PVT - Homosapien Album Review
When a band initially starts out as an improvisational-based experiment, its inevitable that one day they'll discover then settle on a certain formula for the foreseeable future. Having started out on their voyage of discovery nearly fifteen years ago, brothers Richard and Laurence Pike have spent the ensuing period steadily crafting PVT's sound towards the polished electronica rushing through the heart of 'Homosapien''s core. What that means is a long player which can best be described as a mixed bag.

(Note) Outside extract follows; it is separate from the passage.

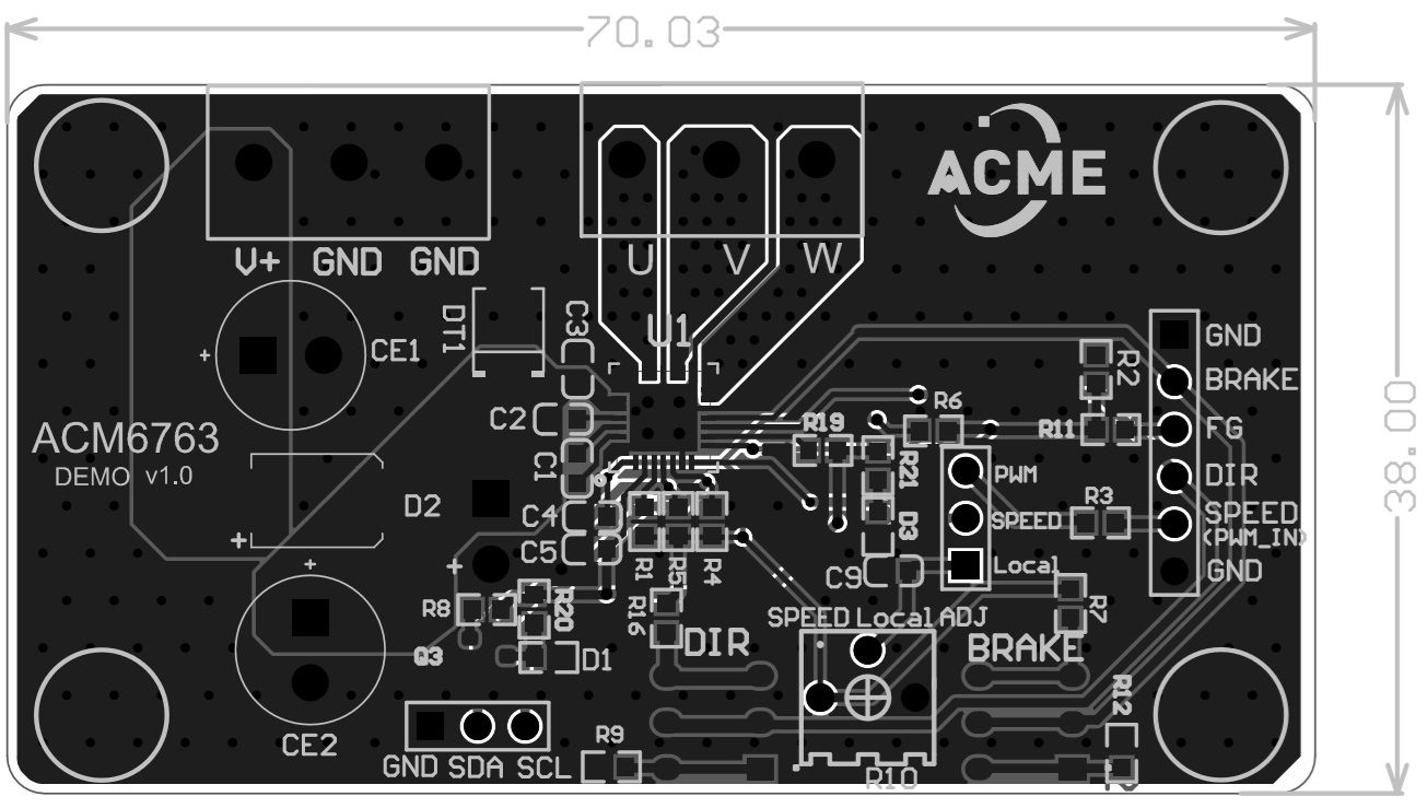 ACM6763是一款全集成、三相無刷直流電機(jī)驅(qū)動芯片,操作電壓4.5V-32V,5A峰值相電流能力,耐壓45V. 內(nèi)部集成三相無刷電機(jī)驅(qū)動算法、功率管以及電流/電壓檢測. 能夠在極簡外圍(只需要6個阻容器 件+1個電阻)的情況下驅(qū)動三相無刷直流電機(jī)。

Although PVT have come a long way since the krautrock inspired sound of 2005's debut 'Make Me Love You', or the harsher caustic avant garde of follow-up 'O Soundtrack My Heart'; the latter fully deserving of its place on the legendary Warp Records imprint; its almost as if they've morphed into a different band entirely. Whereas their previous releases drew comparisons with the noise-infused likes of HEALTH or Holy Fuck, 2010's cleaner sounding 'Church With No Name' veered towards the pop-friendly territories occupied by the likes of Cut Copy and The Presets.
It shouldn't come as too much of a surprise then that they've chosen to plough a similar furrow with 'Homosapien', their fourth and arguably commercially poised collection of songs to date. Not that we'd expect to see PVT battling for chart domination alongside the likes of GaGa and Bieber any time soon either. Although it would be fair to say had this album been released thirty years earlier it may have found solace amidst the Duran Durans and OMDs of this world.
Steeped in as many reference points harking back to the 1980s as it is nouveau electro a la Caribou or Chromatics, 'Homosapien' just falls short of the quality barometer. From the perspective of consistency at any rate, While opener 'Shiver' makes a gallant play for genuine crossover status between old school retrospective and new breed futurism, there's a distinct lack of urgency or direction in the likes of 'Nightfall' or 'New Morning' which occasionally breeds a complacency hailing one step forwards and two steps back.
At its most potent, 'Homosapien' does manage to rival Caribou's 'Swim', but whereas the latter's whole is greater than the sum of its parts, here such moments of captivating grace prove few and far between. 'Evolution' and 'Cold Romance' both pack an immediate punch; revelling in synapse pummelling four-to-the-floor beats while dreamy album mid-point 'Vertigo' throws a halo of reverb around Richard Pike's falsetto vocal to devastating effect.
Nevertheless, even the driving electronic surge of penultimate teaser 'Casual Success' can't entice 'Homosapien' from its average safe haven when PVT should really be aiming for the stars.
Maybe it's time to revisit the experimental lab before delivering album number five?